Гулькин знал, что говорил. Не далее как в обед он заезжал в издательство — лишний раз себя показать, на редактора посмотреть, а заодно уж и пообещать, что «Осмысление» будет лежать у него на столе не позже чем к середине августа.

— Как же, помню, Иван Николаевич, все помню! Сижу, работаю. Так что не беспокойтесь: лично вам рукопись принесу, — возвестил Гулькин, шумно входя в редакторский кабинет. — А вы что же, Иван Николаевич? Переезжать собираетесь? — тревожно добавил он, заметив у стены с десяток картонных коробок, набитых рукописями. — И куда же, интересно?

— Да какой там, к чертям, переезд? Это все ветераны мне свои мемуары носят, — желчно отвечал редактор. — И еще обещали принести. Я уж и в комитет по печати звонил, просил принять меры. Говорят, ничего не можем поделать, из министерства указание пришло — печатать всех подряд, никому не отказывать. В двух экземплярах: один — для библиотеки, а другой — для автора. Пусть, мол, читает, что он там героического про себя насочинял.

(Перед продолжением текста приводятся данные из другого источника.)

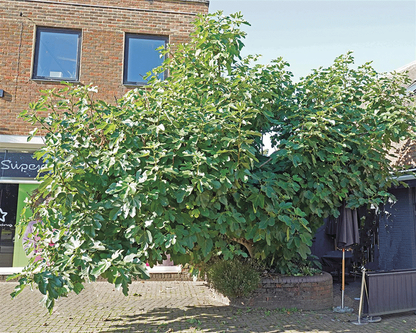 The fig, Ficus carica, has flourished this year. Perhaps this is due to the longer growing season we are experiencing. I have had a sulking twiglet of a fig at the end of the garden for some years – and it always looked reluctant and pathetic. Suddenly this year it has trebled in height and has not only produced an abundance of leaves, but actually two fruits – which we shared, and they were delicious. I have high hopes that this flourishing will continue. The fig outside the Rania restaurant on the High Street in Cranleigh has also benefitted from conditions this summer and it is enormous. I understand that it was planted by the previous Greek owner, perhaps to remind him of home. He also planted a grapevine to ramble through the fig.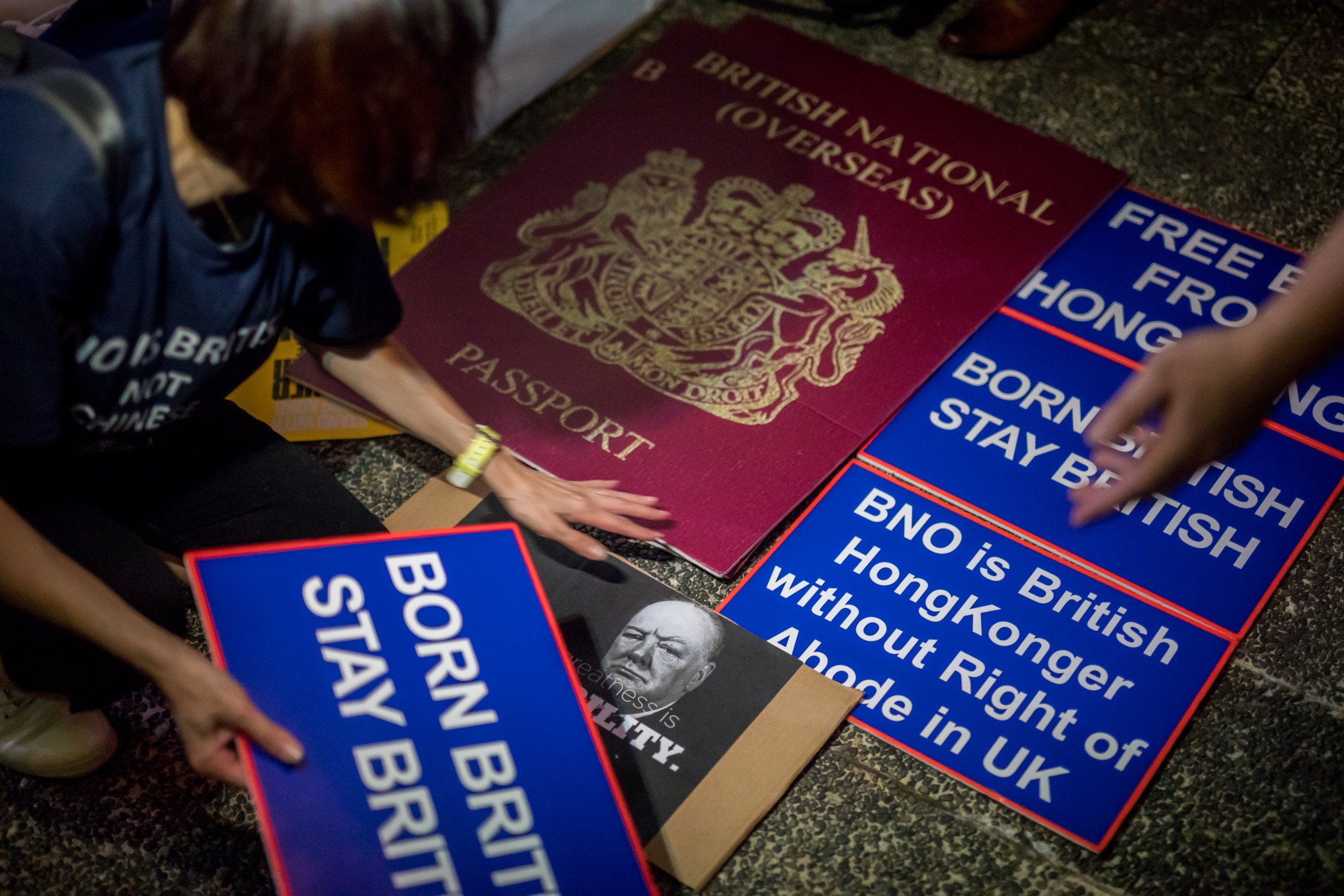 示威者在2019年香港集会期间准备标语。摄影师:Paul Yeung/BloombergChi,52岁,在2022年8月离开香港,正试图在曼彻斯特附近的圣海伦斯村购买一栋房子。但他用于首付的约9万英镑被困在他在宏利公司的香港养老金账户中。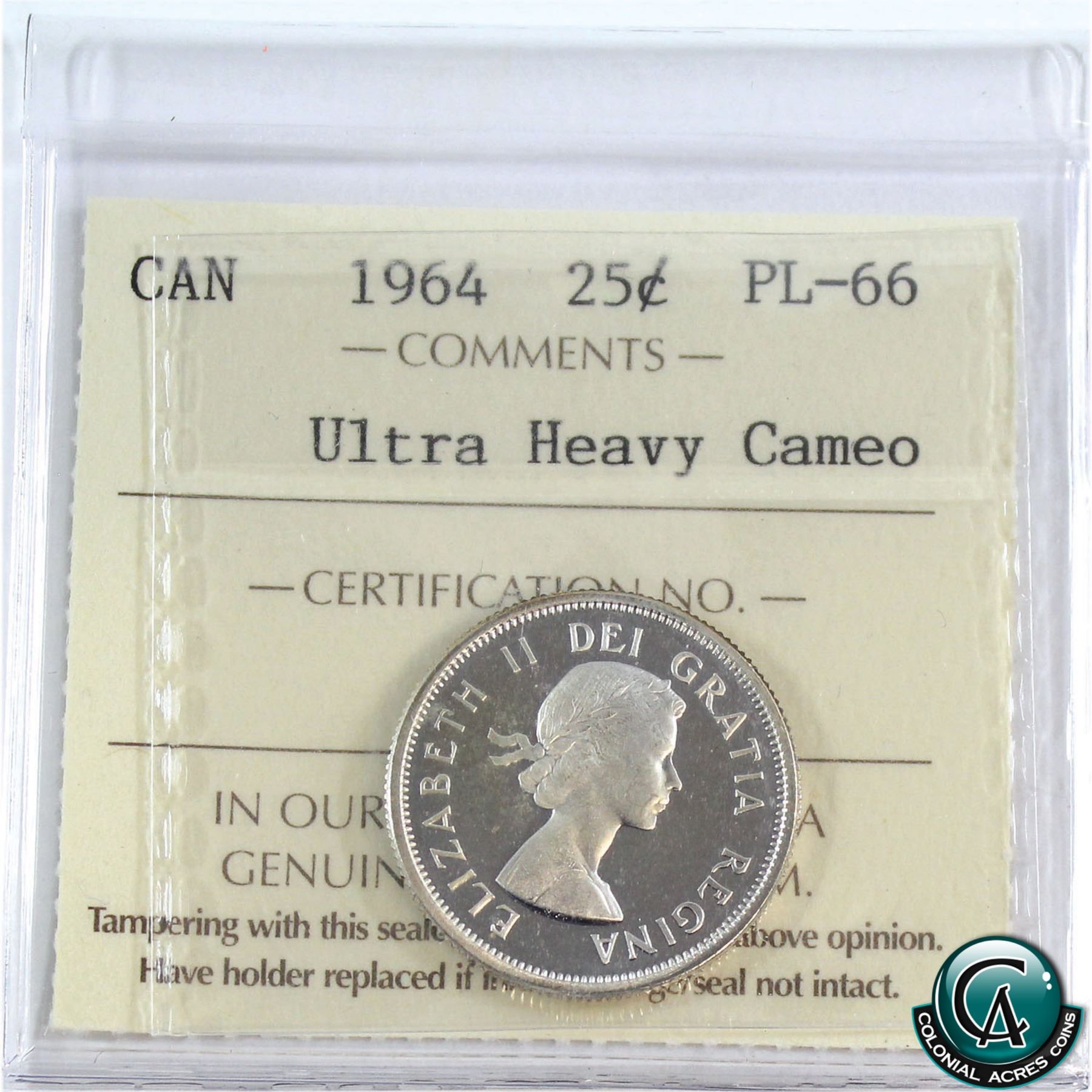 25-cent 1964 ICCS Certified PL-66 Ultra Heavy Cameo!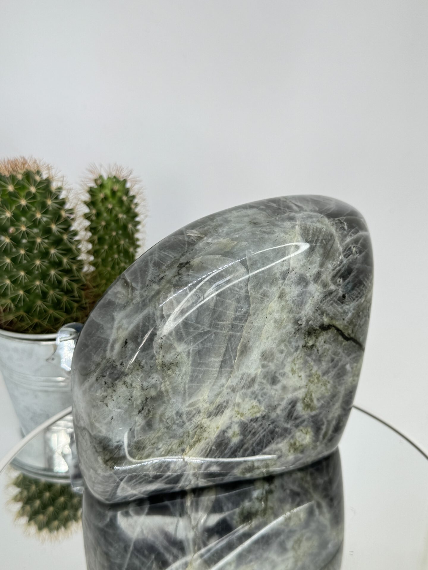 Top kwaliteit paarse labradoriet met de hand geslepen sculptuur.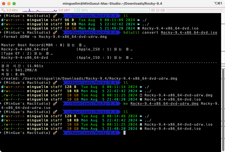 - -o Rocky-9.4-x86_64-dvd-udrw.dmg : 변환된 결과를 저장할 파일의 이름을 지정한다.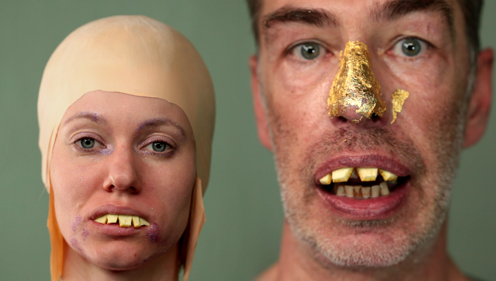 Zwischen dem Verbrecher und dem Fratzen schneidenden Narren kippt auch der 12-Minüter Horns von Beginn an: Denn die kriminologisch für das Klassifizieren in ein Schema gepressten Gesichter dreier Männer und dreier Frauen werden bald aufmüpfig. Da gellt ein Schrei, dort blitzt keck eine Zungenspitze hervor, Augen schielen. Ob Posse oder Drama, darüber kann man sich nie sicher sein. Ständig kippt die Stimmung. In den kurzen Einstellungen werden Haare fast zärtlich gebürstet, Zähne geputzt. Aber in diese Szenen der Zuwendung und Pflege mischen sich rasch Gesten, die das Gesicht entstellen, der Lächerlichkeit preisgeben, ihm Gewalt antun. Das Antlitz wird verschnürt, wird dekoriert. Würgen folgt Lachen. Die Indizien sind verwirrend. Was passiert hier? Medizinische Untersuchung? Spaß? Folter? Herrscht Einverständnis? Auch die Musik legt verschiedene Fährten.

Чужие рукописи раздражали. Однако Гулькин оказался на высоте: ругать конкурентов не стал и литературных достоинств мемуаров даже пальцем не тронул. Заметил только, что по два экземпляра на каждого, пожалуй, слишком жирно будет. Где на всех столько бумаги взять? А вот издать «Осмысление» — надо. Отличный получился роман! Да вот же и профессору Рябцеву он понравился…

— А ты попроси, Боря, на комиссии: мол, так и так… свежо, талантливо… Век тебя не забуду! — взмолился Вертопрахов, судорожно перебирая в кармане мелочь. — Книжек пятьсот издадут — и хорошо. Я ведь за большими тиражами не гонюсь. А за мной, Боря, не пропадет. Ты ведь меня знаешь!

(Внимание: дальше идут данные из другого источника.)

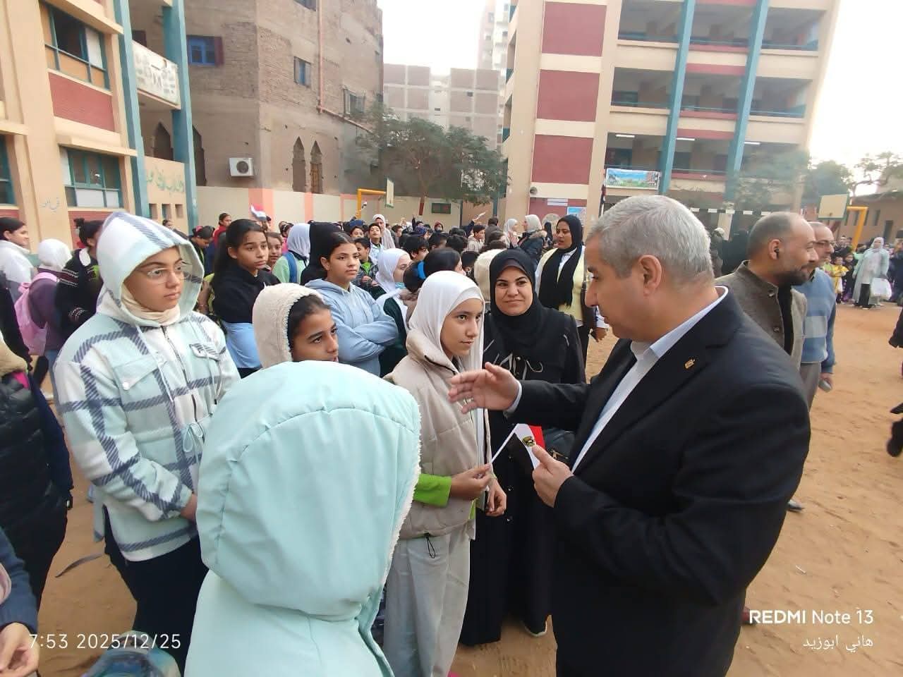 حيث قام سيادتة بمتابعة مدرسة عبد اللطيف حسانين للتعليم الاساسي ويشارك الطلاب طابور الصباح وتأدية تحية العلم ويٌشيد بممارسة ورش الانشطة الرياضية والتربوية ويوجه بتشجيع الطلاب الموهوبين رياضيا علي المشاركة في فعاليات الانتقاء لقبول لاعبين جدد برياضات المشروع القومي للموهبة والبطل الاولمبي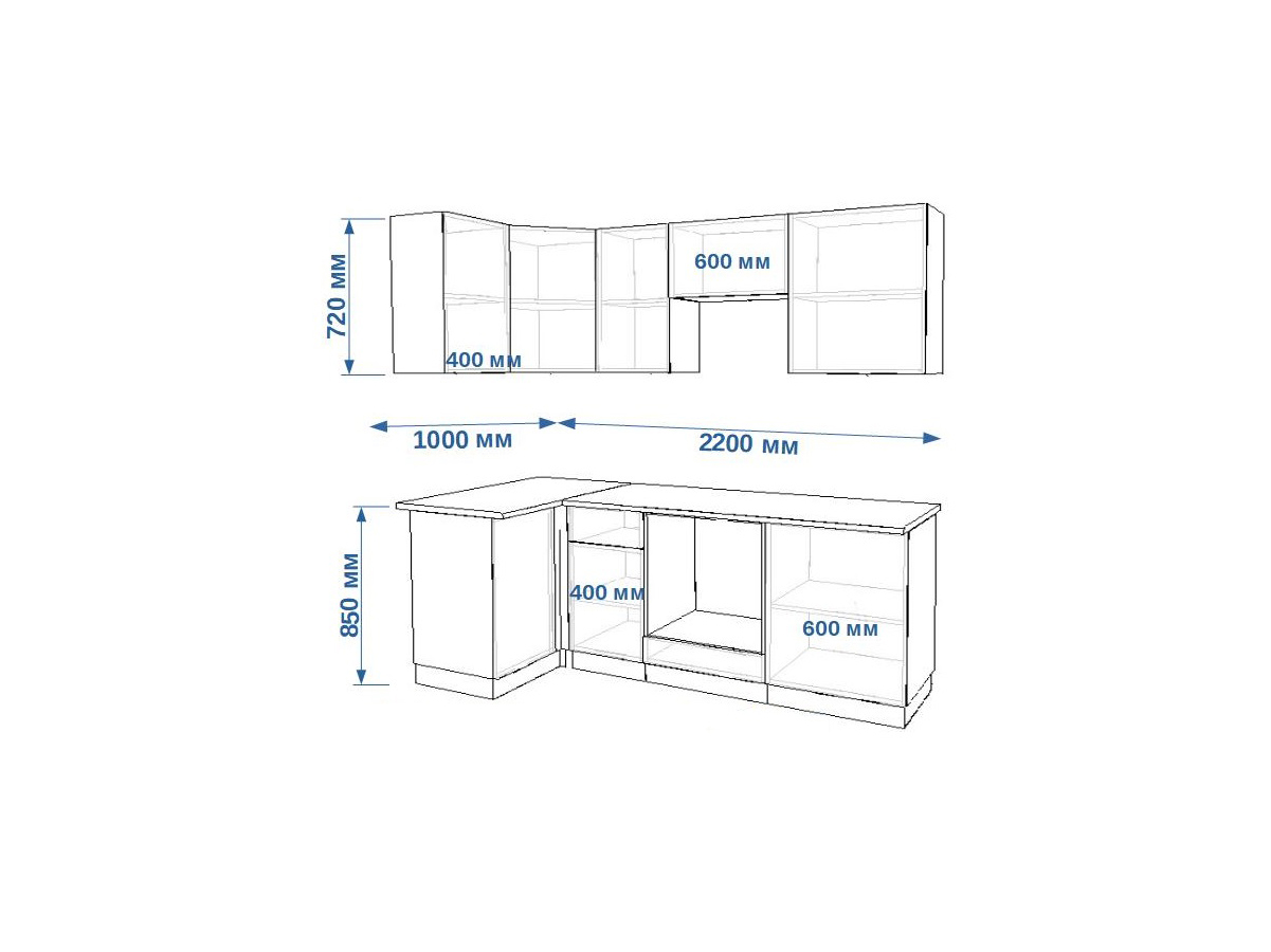 Кухонная мойка, стеновая панель, посудосушитель, планки для столешницы в комплект не входят.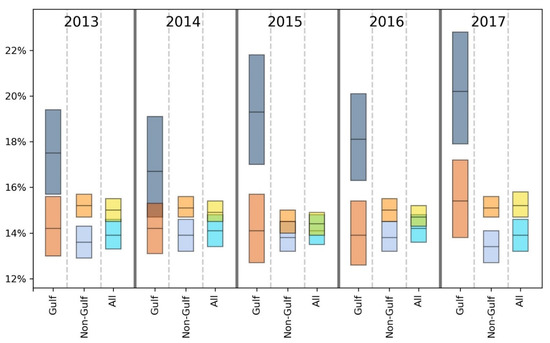 Figure 7). The coastal PUHDs showed a significantly lower proportion of responses in the 0-days category in 2 of 5 years (2013, 2014) and significantly higher responses in the ≥14 unhealthy days category in 4 of 5 years. The MUHD data showed a similar trend for Gulf coastal MMSAs, with significantly lower percentages in the 0-day category for 2 years (2013, 2015), and significantly higher in the ≥14-day category for those years as well as 2014. The PMUHD data revealed no significantly better results in the 0-day category for coastal in any year, with 2016 indicating significantly poorer health. Four of 5 years showed significantly higher (worse) responses in the ≥14-days category for the coastal respondents. Similarly, in comparing mean numbers of unhealthy days, the Gulf coastal MMSAs reported higher numbers of PUHDs in all years, MUHDs in 3 of 5 years (2013, 2014, 2015), and PMHUDs in all years. The overall mean numbers of unhealthy days were significantly higher for the coastal MMSAs in the PUHD, MUHD, and PMUHD categories, averaging 0.58–1.16 more unhealthy days for the Gulf coastal vs. Gulf non-coastal (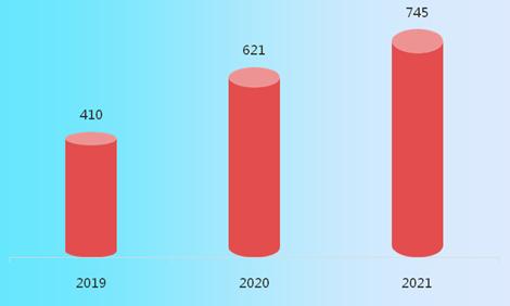 图表:2019-2021年中国无人零售自助终端设备总产值(亿元)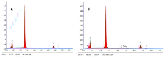 Chemical composition of the TNRs 2 (A) and TNRs 2 Ag (B) using energy-dispersive X-ray spectroscopy (EDX).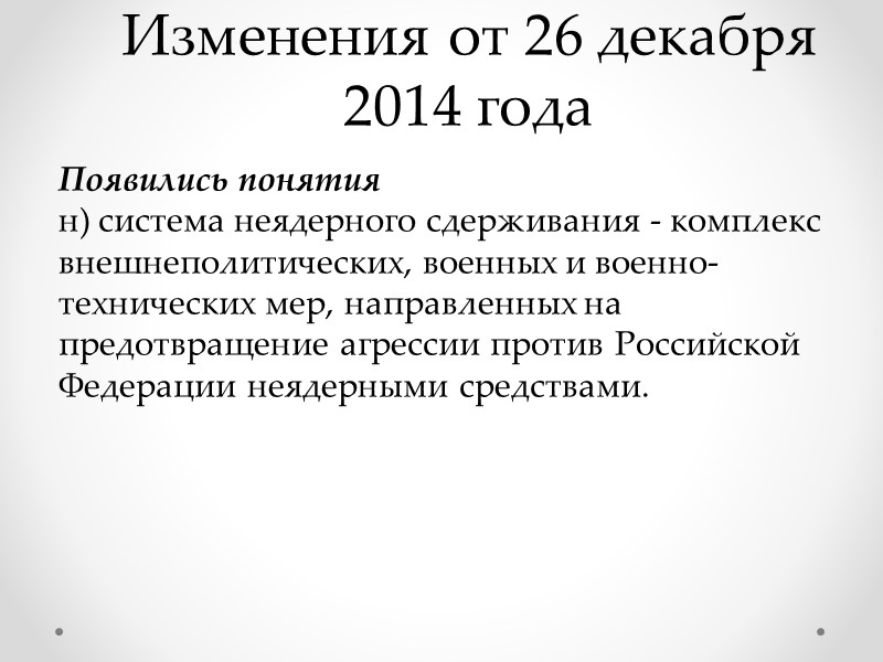 Изменения от 26 декабря 2014 года Появились понятия н) система неядерного сдерживания - комплекс внешнеполитических, военных и военно-технических мер, направленных на предотвращение агрессии против Российской Федерации неядерными средствами.

На что Гулькин понимающе улыбнулся, мол, знаю, чего уж там… Допил, что осталось, и пообещал помочь.

Расстались они друзьями.

* * *

Без четверти десять Рябцев был в городской мэрии. Поднявшись на второй этаж, отыскал дверь с табличкой «Департамент культуры. Заведующий Фуфлачев И. Г.» и оказался в приемной — с филенками под мореный дуб и секретаршей в углу, за столом на две тумбы.

— Вы к Игорю Георгиевичу? А его нет. Уехал на совещание, — секретарша мельком взглянула на посетителя. — Вы с ним договаривались?

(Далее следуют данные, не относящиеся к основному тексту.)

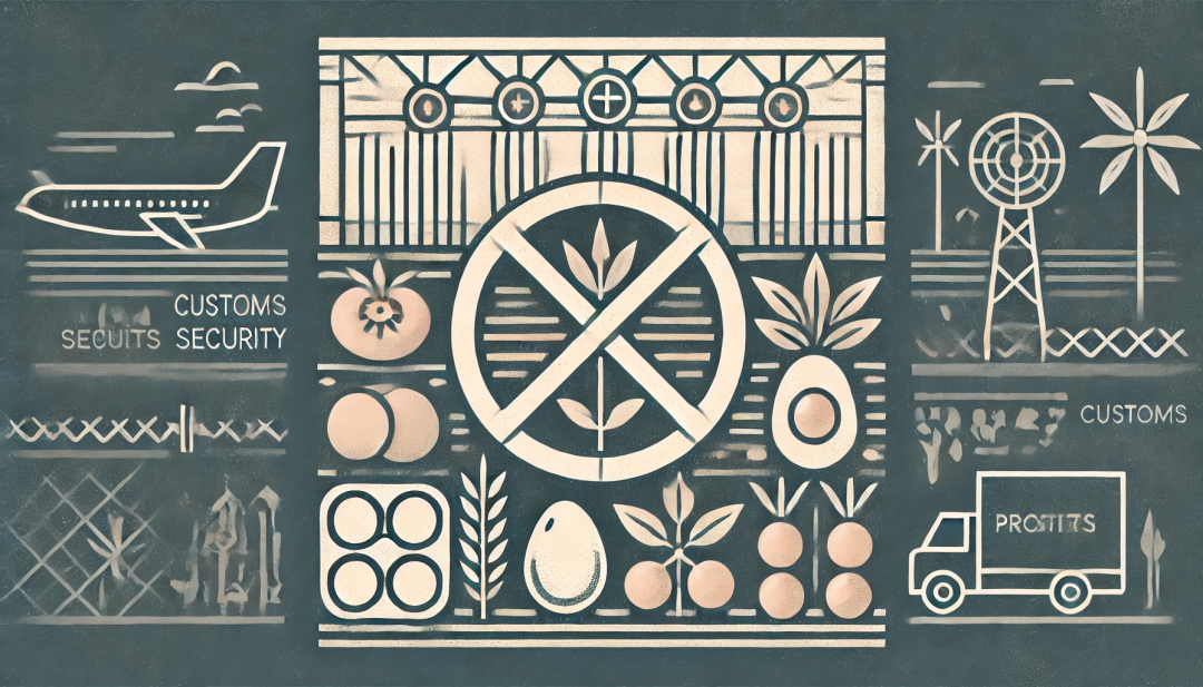 たとえば、日本では動物疾病の拡散を防ぐため、鶏、アヒル、豚、牛、羊などの肉類や肉製品(ホットドッグ、ハム、ベーコン等)、加熱されていない卵類等の国内への持ち込みは厳しく禁止されている。真空包装であっても、検査証明書のない場合は持ち込み不可だ。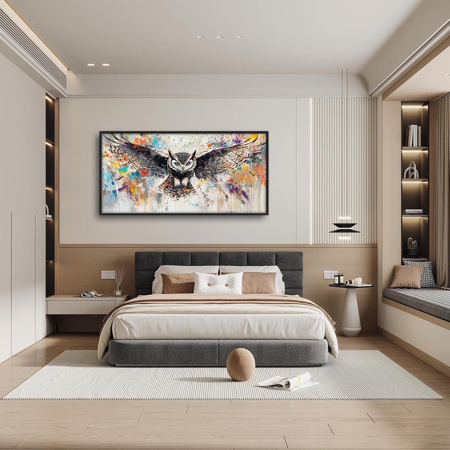 Large Owl Wall Art for Living Room, Framed Oversized Banksy Owl Wall Decor Colorful Wildlife Canvas Painting Animal Pictures Modern Artwork for Living Room Bathroom Bedroom Office Dining Room 60"x30"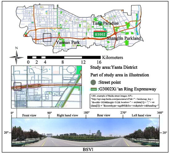 To comprehensively assess the environmental features of the Xi’an Ring Expressway, we retrieved Baidu Street View Images based on locations from the Baidu Map Open Platform and sampling points. First, the street network coordinate system downloaded from OSM (https://www.openstreetmap.org/, accessed on 20 April 2023) was calibrated. We randomly generated 1002 street-view sampling points at 50-m intervals, with latitude and longitude coordinates as the basis for input parameters in the Baidu Street View Map Application Programming Interface (API). Subsequently, to ensure a correct and complete view in all directions from each street-view point, a Python program was used to access the Baidu Map API and collect the panoramic images (Figure 3).

— Ну конечно! Сегодня, на утро.

В глазах секретарши мелькнуло нечто похожее на досаду.

— Ну, не знаю… Может быть, он уже вернулся? Сейчас посмотрю.

Пошла, посмотрела. И чудо: Фуфлачев оказался на месте! Главный городской культработник явно скучал среди стен, обвешанных дипломами, вымпелами, памятными знаками и афишами, и обрадовался профессору как родному.

.— А я вас заждался. Думал, что не придете, — пропел Фуфлачев, мягко выкатываясь из-за стола навстречу Рябцеву. — Хотел уже, знаете ли, машину за вами посылать.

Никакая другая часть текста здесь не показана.